Weight loss plateaus are very frustrating. You put in all this work, then weigh yourself only to realize that the scales haven’t moved. I have been there as well when I was losing weight. I can recall how I was searching Google trying to understand what’s happening. Looking back my view on weight loss plateaus has changed quite a bit and I’m going to talk about my personal experience later in the article as well.
Let’s first start with a rough definition: A weight loss plateau is a period of more than two weeks where you haven’t lost any weight. Most people actually become nervous about this far too soon in order for it to qualify as a plateau.
I’d take a wild guess that more than half of people who think they are facing this issue haven’t even waited more than a week before searching for a solution. (I used to be in this group as well.)
If you think you might be part of this group, it comes down to becoming a bit more patient. We are conditioned to think that every week the scale has to move. Many people even expect to see a difference on a daily basis which is very counterproductive. There are a couple of reasons why you can’t expect your scales to show your progress every week and I will address them in this article.
With that said, let’s look at the reason why you might be facing a weight loss plateau.
Reasons For A Weight Loss Plateau
For the majority of people who really face a weight loss plateau, the reason will come down to eating too many calories. A weight loss plateau normally occurs when you are a few months into your diet. This is when you have lost significant amounts of weight already. It is easy to become a bit more lenient and eat an extra snack here and there. After all you got this figured out now.
The solution is to get back on track and eat how you ate in the very beginning when you were still losing weight consistently. The best way to keep track of this and to hold yourself accountable is by using a food diary.
Another reason why you might think you are in a weight loss plateau are natural fluctuations in your body weight. Especially carbohydrates can cause your body to hold more water. Say one week you ate less carbs and then the next week you ate significantly more carbs. This can easily cause your weight to fluctuate which doesn’t mean that it actually comes down to a difference in fat.
An issue that is related to this is the way you weigh yourself. There is no point in weighing yourself more often than once a week. It’s best to have a fixed day and time during the week when you weigh yourself.
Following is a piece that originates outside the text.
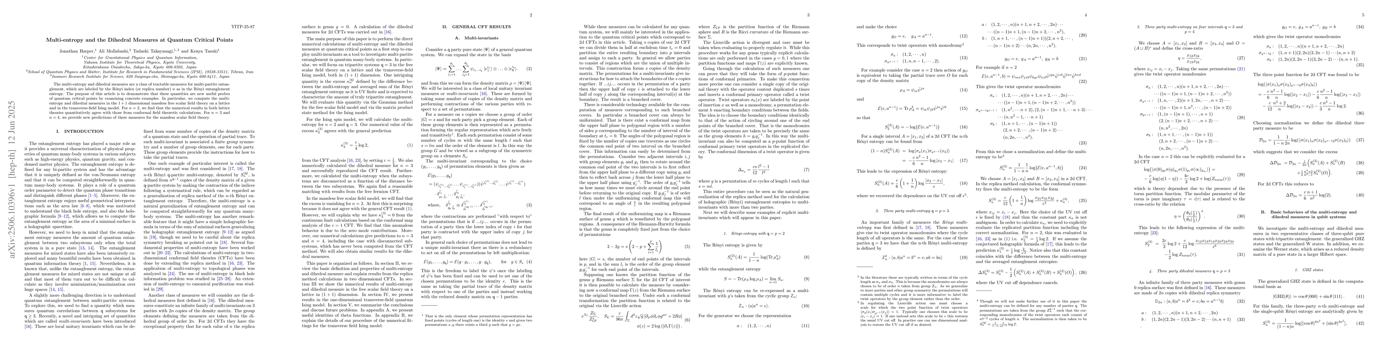 The multi-entropy and dihedral measures are a class of tractable measures for multi-partite entanglement, which are labeled by the R\'enyi index (or replica number) $n$ as in the R\'enyi entanglement entropy. The purpose of this article is to demonstrate that these quantities are new useful probes of quantum critical points by examining concrete examples. In particular, we compute the multi-entropy and dihedral measures in the $1+1$ dimensional massless free scalar field theory on a lattice and in the transverse-field Ising model. For $n=2$, we find that the numerical results in both lattice theories quantitatively agree with those from conformal field theoretic calculations. For $n=3$ and $n=4$, we provide new predictions of these measures for the massless scalar field theory.
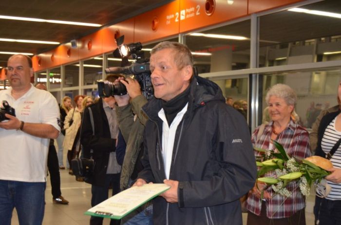 W wyniku całkowicie spontanicznej akcji miałam dziś okazję brać udział w powitaniu kapitana Cichockiego, który po zakończeniu rejsu dookoła świata w Breście (szczegóły są tu: http://www.kapitancichocki.pl/ ) przyleciał na kilka dni do Polski. Oprócz rodziny i znajomych były kamery, wywiady i kibice. Oraz arbuz w prezencie. Kapitan opowiadał rzeczy niesamowite, ale najbardziej cieszy go jednak ten certyfikat WSSRC. Ogromny szacunek dla człowieka, który zrobił to, co zrobił, nie poddał się po wywrotce jachtu i dopłynął do mety. Musiał wybierać taką trasę, żeby dało się płynąć na tych żaglach, które mu zostały, wykombinować jak spać nie posiadając samosteru ani autopilota i rozwiązać masę innych problemów… Chapeaux bas.

Choose your day and always weigh yourself immediately after waking up so your body is always in a similar condition.
Another reason why you could face a real weight loss plateau is that you went through along period of time where you ate very few calories. This is when your metabolism slows down, some people call it starvation mode. You need to understand that it is actually quite hard to put your body into starvation mode. This issue has been exaggerated way too much in the past. In order to get your metabolism to slow down that much you need to be eating significantly below your resting metabolic rate for a while. Your resting metabolic rate is what your body burns in the absence of any activity during the day.
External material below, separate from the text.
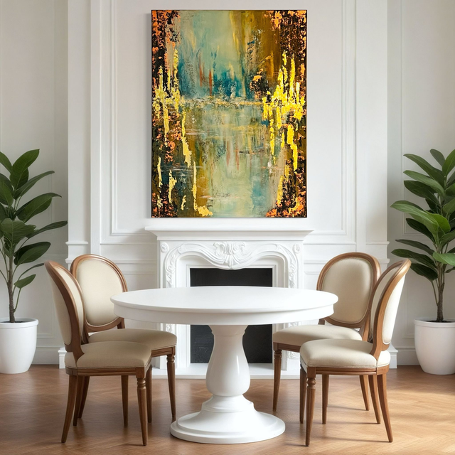 Description: Cette toile joue avec la lumière et la profondeur grâce aux nuances vibrantes de bleu, d’or et d’ocre. Les touches dorées et cuivrées créent un effet de reflet où le mystère et l'éclat se rencontrent. Métamorphose est énigmatique, riche en détails et amène cette touche d'élégance dans votre intérieur.
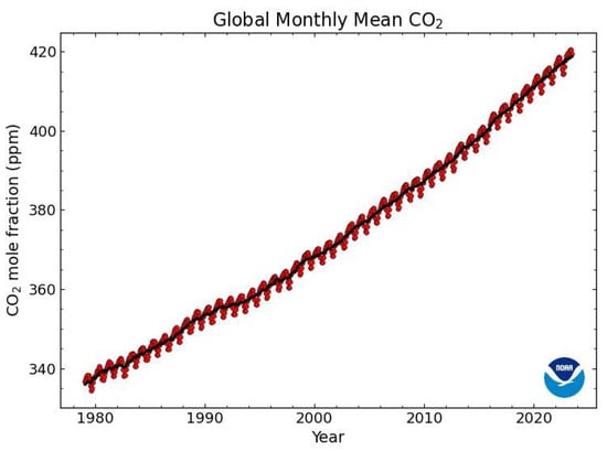 Monthly average of global CO2 concentrations (from https://gml.noaa.gov/ccgg/trends/global.html, accessed on 25 June 2023).

My Personal Experience With Weight Loss Plateaus
To conclude this article I’d like to offer my personal experience with this issue during the period where I lost 44 pounds of fat. I have kept a food diary for more than 365 days now and have weighed myself every week. I think if you are serious about transforming your body you need to do the same.
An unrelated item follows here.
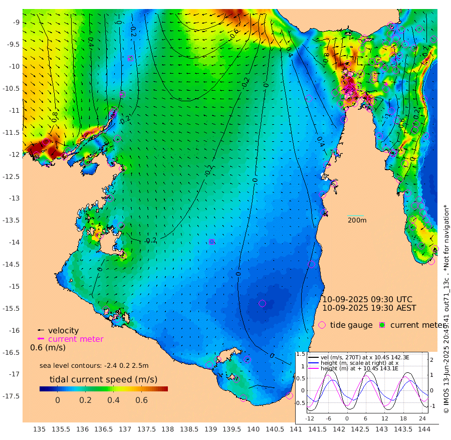 23cm/s -98T +3cm/s rms + 7cm/s -42T. ARA-GOC87 57m 6cm/s -28T +3cm/s rms + 2cm/s -2T. ARA-GOC87 60m 20cm/s -120T +2cm/s rms + 3cm/s 61T. ARA-GOC87 47m -96cm Daru -88cm Bobo Island -15cm Meer Island Barge -35cm Bramble Cay -63cm Unnamed Cay -66cm Pearce Cay -56cm Stephens Island -61cm Merrie England Shoals -84cm Mutacomal Reef -53cm Darnley Island Barge -13cm East Cay -72cm Yorke Island Barge -70cm Rennel Island -75cm Aureed Island -82cm Dungeness Reef -105cm Zagai Island -94cm Yam Island -85cm Dauan Island -81cm Saibai Island -90cm Phipi Reef -110cm Warrior Reef - West -40cm Mabuiag Island Barge -72cm Half Way Island -89cm Coconut Island -77cm Dugong Islet -88cm Poll Island -88cm Kirkcaldie Reef -76cm Suarji Island -89cm Sue Islet 59cm Hawkesbury Island -61cm Alert Patches -71cm Twin Island 27cm Badu Island -80cm St Pauls (Moa Island) 11cm Kubin (Moa Island) -41cm Ince Point -19cm Thursday Island -25cm Nardana Patches 10cm Turtle Head 32cm Round Island 63cm Goods Island 91cm Booby Island 89cm White Rocks Area 80cm Carpentaria -64cm Papou Point 94cm Bampfield Head 62cm Crab Island 77cm Red Wallis Island 31cm Packe Island -87cm Harrington Reef 66cm Herald Camp -36cm Sharp Point 10cm Red Island Point -26cm Possession Island -71cm Alpha Rock -80cm Frederick Point -88cm Wyborn Reef Light -91cm Tetley Island -20cm Triangle Reef -81cm Turtle Head Island -10cm Maclennan Cay 9cm Raine Island -60cm Mcsweeny Reef -50cm Collette Reef -18cm Shadwell Reef -53cm Hannibal Island -31cm Round Point 60cm Vrilya Point -21cm Cape Grenville -19cm Hicks Island -9cm Sir Charles Hardy Island -9cm Harvey Island -2cm Kay Reef 6cm Rocky Island 17cm Chapman Island 14cm Ham Reef 4cm Jubilee Reef -3cm Night Island 13cm Unnamed Reef No. 3 6cm Morris Island 10cm 1st 3 Mile Opening 6cm Creech Reef -5cm Fife Island 14cm Eden Reef 8cm Stanley Island 8cm Normanby River 82cm Yabooma Island 66cm Hutchison River 68cm Elcho Island 69cm North West Crocodile Island 11cm Cape Wessel 32cm Stevens Island -46cm Guluwuru Island 48cm Hopeful Bay 27cm Auster Point 19cm Two Island Bay -2cm Cadell Strait -177cm Mallison Island -27cm Melville Bay (Gove Harbour) -30cm Truant Island -32cm Cape Arnhem -19cm Cape Grey -20cm Hawk Island -7cm Milner Bay (Groote Eylandt) -7cm Cape Beatrice -1cm West Island -2cm Centre Island -28cm Mornington Island -19cm West Wellesley Islands 7cm Bountiful Island -15cm Albert River Mouth -8cm Sweers Island -15cm Karumba -13cm Nassau River Offshore -3cm Christmas Creek 31cm Archer River 35cm Boyd Point 53cm Weipa (Humbug Point) 28cm Pennefather River 59cm Cullen Point

Looking back, I now know that the only time where I really faced a weight loss plateau was when I was already very lean. Once you get really lean (around 10% body fat for men and around 20% body fat for women) it will become much harder to lose more weight. From a health perspective there is no reason to lose more fat anyway. This only comes down to aesthetic reasons and whether you like a challenge or not.
There were certainly periods were I did not consistently lose weight for more than four weeks. However, these were always periods were I had been eating more calories. So in these instances my food diary always explained why I didn’t lose any weight.